But get creative! I've seen these guys mounted to old wooden signage, tree slices, and drift wood. And it looks super cool!

Just for fun, I used copper nails for a little metallic color. And who knows, maybe the oxidization will bring out a cool "Statue of Liberty" green!

Step 4: Unearth the Root Ball

Time to clean off that root ball.

Your Staghorn Fern will likely come in a pot with soil, which it doesn't need.

De-pot it, and shake off the extra soil.

Keep the plant handy, as you'll need the root ball for sizing in the next step...

Step 5: If You Like It, Then You Should Put Some Rings on It!

Now let's install the eye hooks.

We're going for a pentagon shape that is slightly smaller than the Staghorn's root ball.

I recommend putting the point of the pentagon facing downward, that way the plant will have a little more support at the top.

(You will probably need a pair of pliers to tighten the eye hooks into place.)

Step 6: Hangin' Hardware

Now that the eye hooks are in place, flip your plaque over to install the picture hanging hardware.

Step 7: Sphagnum Nest

That moss has been soaking for a bit, right?

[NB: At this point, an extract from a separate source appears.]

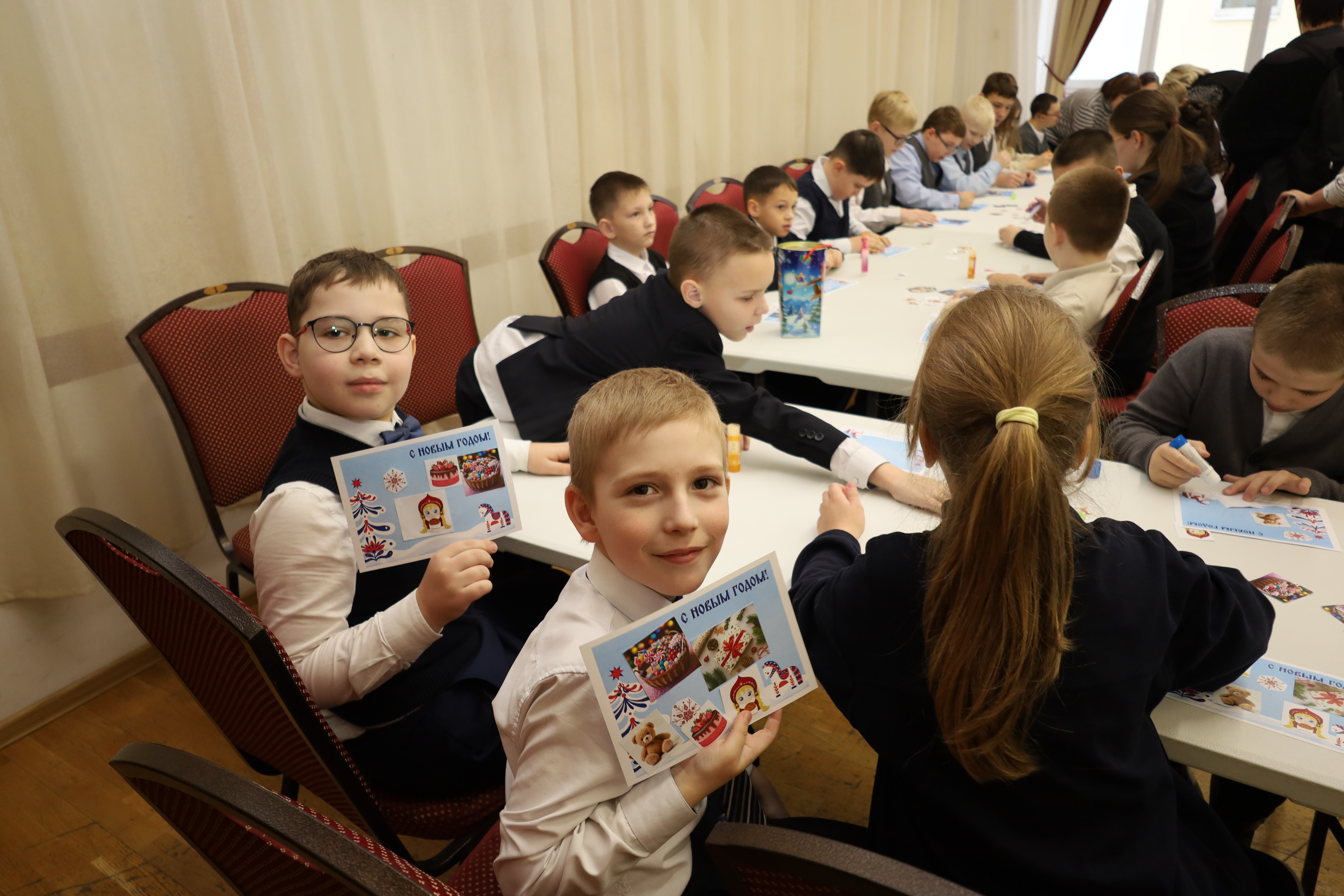 Завершился фестиваль вручением подарков и общей фотосессией, а затем участников пригласили на коллажную встречу «Поёт зима, аукает», где дети своими руками создавали новогодние открытки.

Good.

Let's grab a couple handfuls and sqeeeeeze out any extra water.

Inside your pentagon o' eye hooks, create a nest for your plant's root ball to sit comfortably in. You'll find that the wet moss is nicely malleable.

Step 8: Bring the Plant to It's New Mossy Home

Insert the plant's root ball into it's new sphagnum moss bed.

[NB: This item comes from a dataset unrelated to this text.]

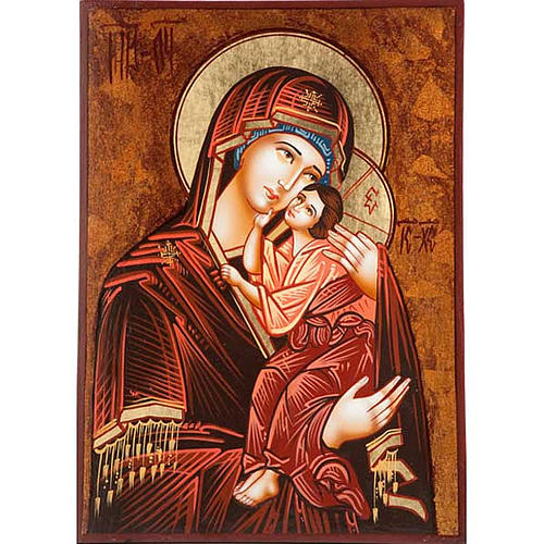 La Vierge de la tendresse exprime force et joie. Décorée à la main selon la tradition roumaine avec couleurs naturelles et feuille en or et reliefs en or.Livrée dans une boîte en velours bleu et intérieur en satin, fermeture en satin.

Step 9: Tie It Down Before It Gets Away!

Now, using the floral wire, you're going to secure the plant to the wood.

This may take a couple tries to get the right configuration for maximum support, but I found that going in a star pattern worked the best for me.

Use extra Sphagnum moss under and around the wires to hide them .

Step 10: Hang It Up and Enjoy!

Congratulations! Your plant taxidermy is complete!